Let $X$ be a normed vector space.
1.: If $\Omega\subseteq\mathbb C$ is open and $f:\Omega\to X$ is holomorphic, then $z_0\in\mathbb C\setminus\Omega$ is called an isolated singularity of $f$ if there is a neighborhood $N$ of $z_0$ with $N\setminus\{z_0\}\subseteq\Omega$.
2.: If $U\subseteq\mathbb C$ is open, then $g$ is called a $X$-valued holomorphic function on $U$ up to isolated singularity if there is a $D\subseteq U$ with
- $U\setminus D$ is open;
- $g:U\setminus D\to X$ is holomorphic;
- Every point in $D$ is an isolated singularity of $g$.
Let $\Omega:=U\setminus D$ and $$S:=\{z_0\in\mathbb C\setminus\Omega:z_0\text{ is an isolated singularity of }f\}.$$ By assumption, $D\subseteq S$. But does it necessary hold $D=S$?
If $z_0\in S$, then clearly $$z_0\in\mathbb C\setminus\Omega=(\mathbb C\setminus U)\cup D\tag1.$$ On the other hand, since $z_0$ is an isolated singularity of $f$, there is a neighborhood $N$ of $z_0$ with $$N\setminus\{z_0\}\subseteq\Omega=U\setminus D\tag2.$$ However, that doesn't necessary yield $z_0\in D$ ...
I first thought that a construction of the following kind could yield a counterexample: Let
- $z_1\in\mathbb C$;
- $\varepsilon_1>0$ and $U:=B_{\varepsilon_1}(z_1)$;
- $D:=\{z_1\}$;
- $z_2\in\mathbb C\setminus U$ and $\varepsilon_2>0$ with $$U\cap B_{\varepsilon_2}(z_2)=\emptyset$$ and $$f:U\setminus D\to\mathbb C\;,\;\;\;z\mapsto\frac1{z-z_1}+\frac1{z-z_2}.$$
$f$ does clearly satisfy the definition above. But while I first thought that $z_2\in S\setminus D$, it does not satisfy the definition of being an isolated singularity of $f$ above, since there is no neighborhood $N$ of $z_2$ with $N\setminus\{z_2\}\subseteq\Omega=B_{\varepsilon_1}(z_1)\setminus\{z_1\}$.

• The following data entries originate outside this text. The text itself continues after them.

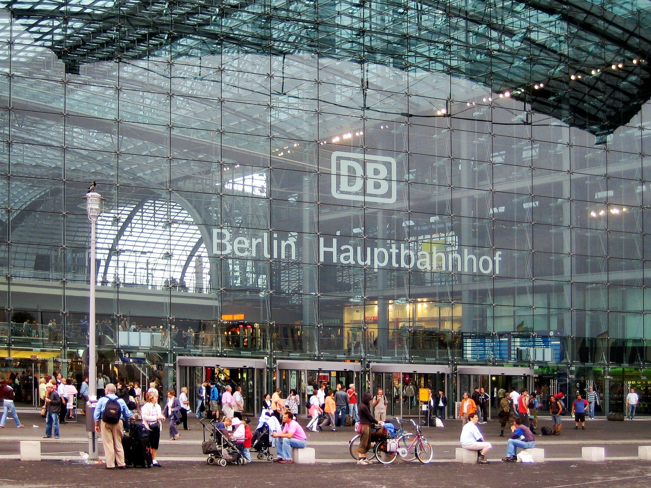 Berlin, Central Station, South entrance.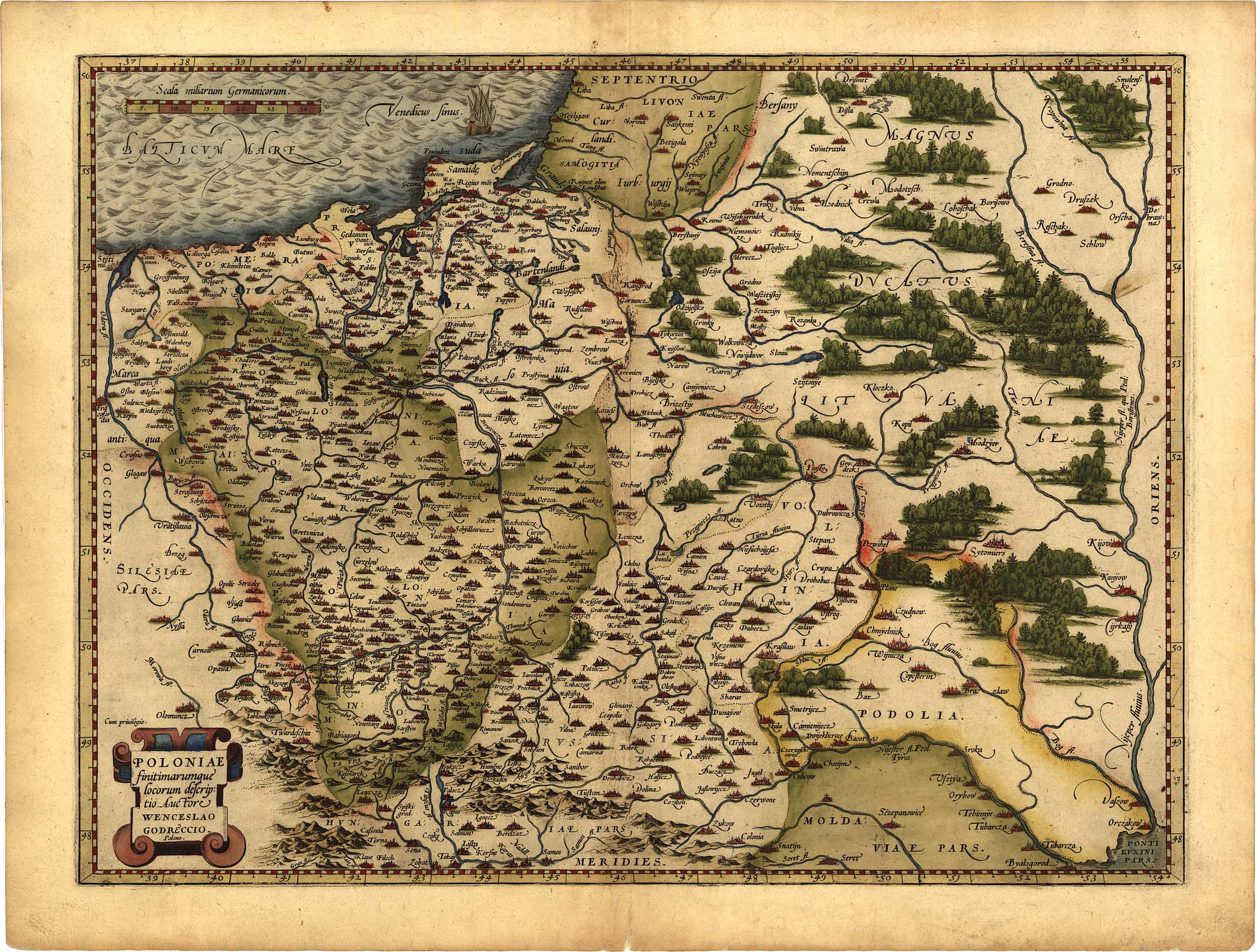 Polish-Lithuanian Commonwealth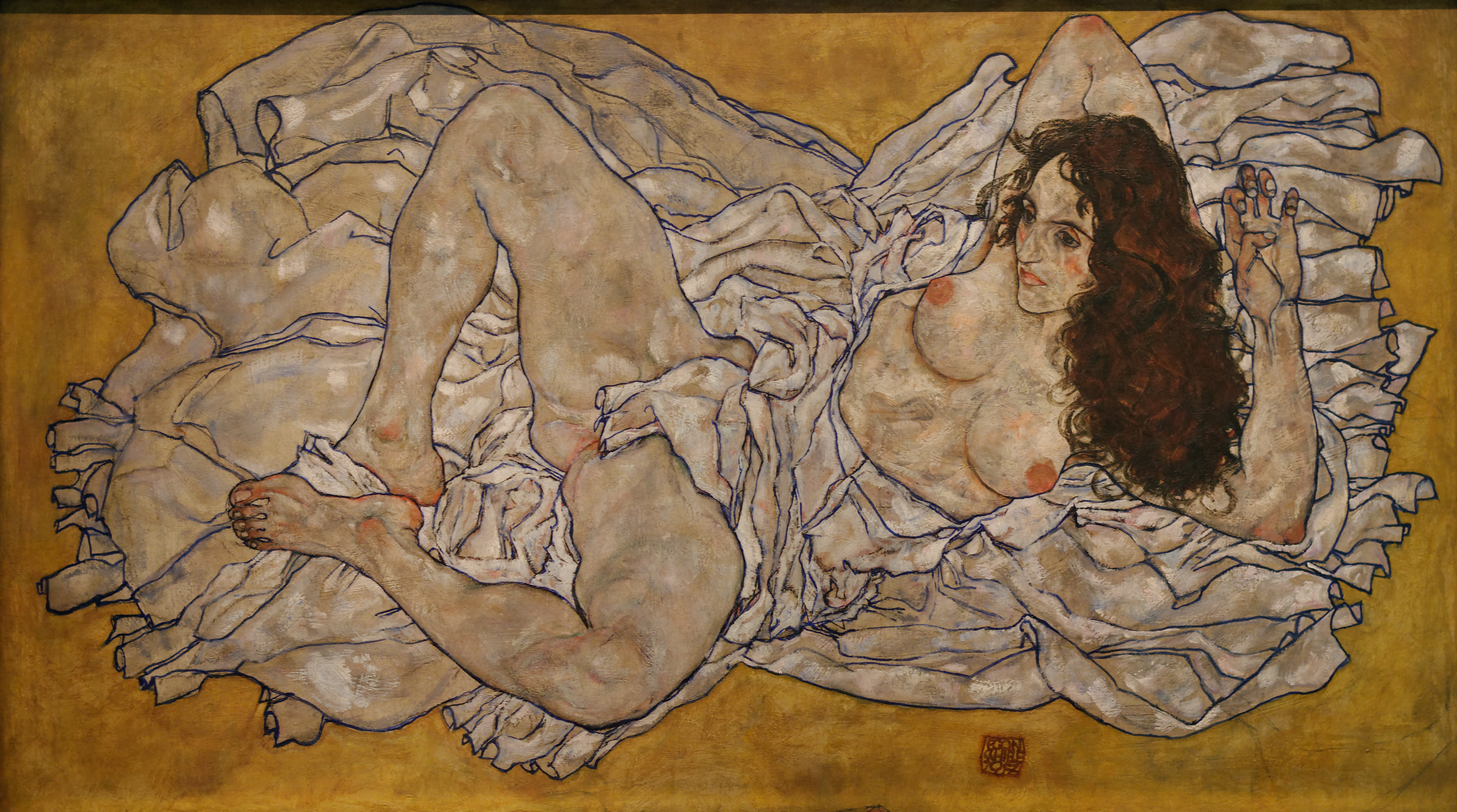 Egon Schiele, 1917. Oil on canvas. Leopold Museum, Wien. Inv.Nr 626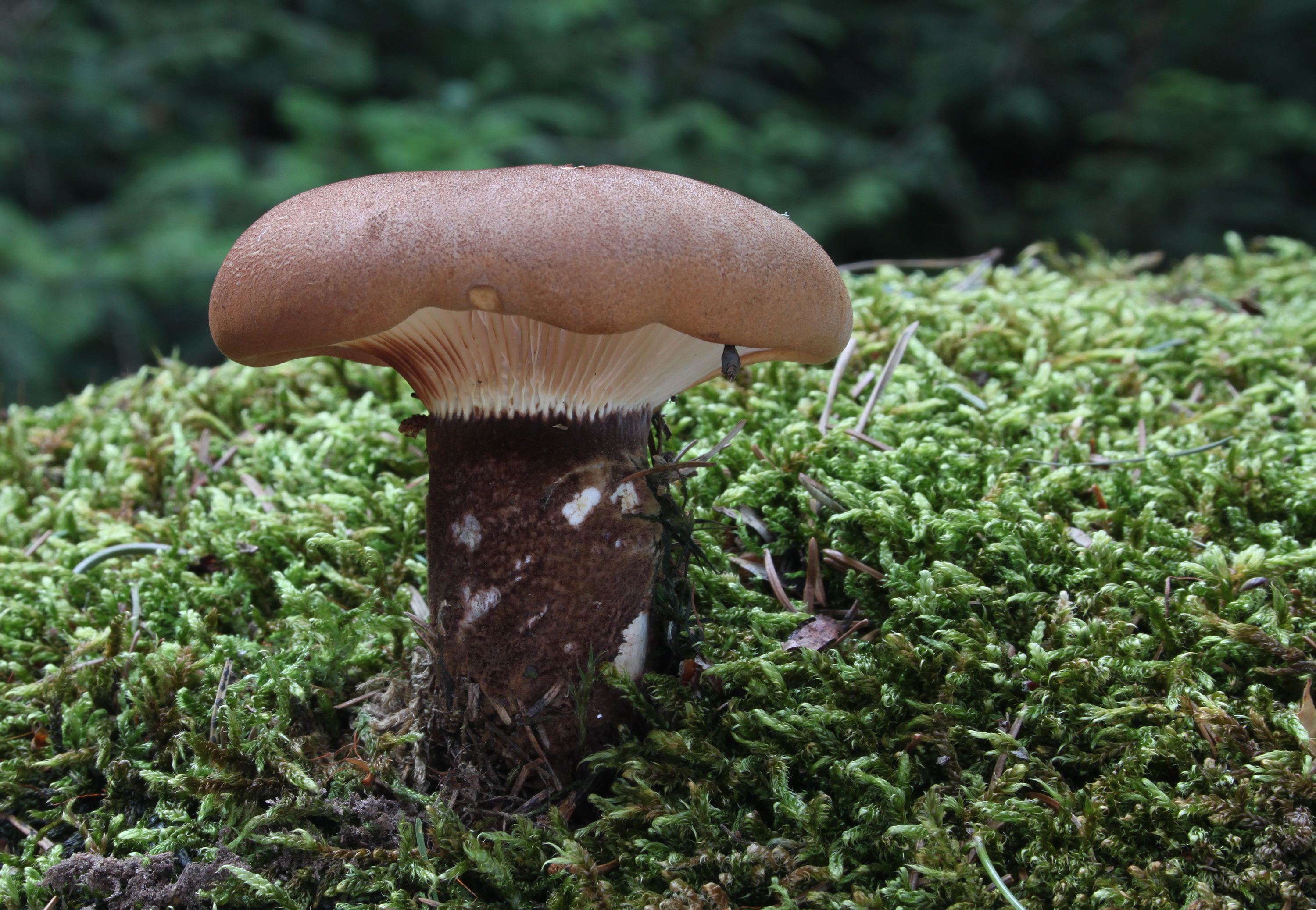 Velvet Roll-Rim or Velvet-Footed Pax, Tapinella atrotomentosa, Family: Tapinellaceae, Location: Germany, Ulm, Ringingen

There is no normed space, $U$ is a connected open subset of $\Bbb{C}$,
$f$ is complex-valued holomorphic (complex differentiable at every point, thus analytic) on $U-D$ where $D$ is a discrete subset of $U$ (ie. locally $D$ is finitely many points). Nothing complicated here, everything is crystal clear, the isolated singularities of $f$ are at each point of $D$ and $f$ is not defined outside of $U$.
Some points of $D$ can be "removable singularities" (try with $\sin(z)/z$ which is entire, no singularity at $0$), some may be poles (ie. $(z-a)^k f$ is analytic at $a$), the others are essential singularities.
Next we can consider the analytic continuations of $f$, if $f$ extends to an analytic function on some larger connected open then this continuation is unique and is defined uniquely by the restriction of $f$ to any neighborhood.
Sometimes an analytic continuation exists, sometime not, of course the continuation may have some isolated singularities outside of $U$.
Sometimes the set of analytic continuations is complicated, try with $\log z,|z-1|<1$, the continuation to $arg(z)\in (-\pi/2,3\pi/2)$ is not the same as the continuation to $arg(z)\in (-3\pi/2,\pi/2)$ (there is a $2i\pi$ difference at the negative reals).
$\sum_{k\ge 0} z^{2^k},|z|<1$ has a natural boundary on $|z|=1$, no continuation exists.
Hope you realize there is nothing abstract in those things.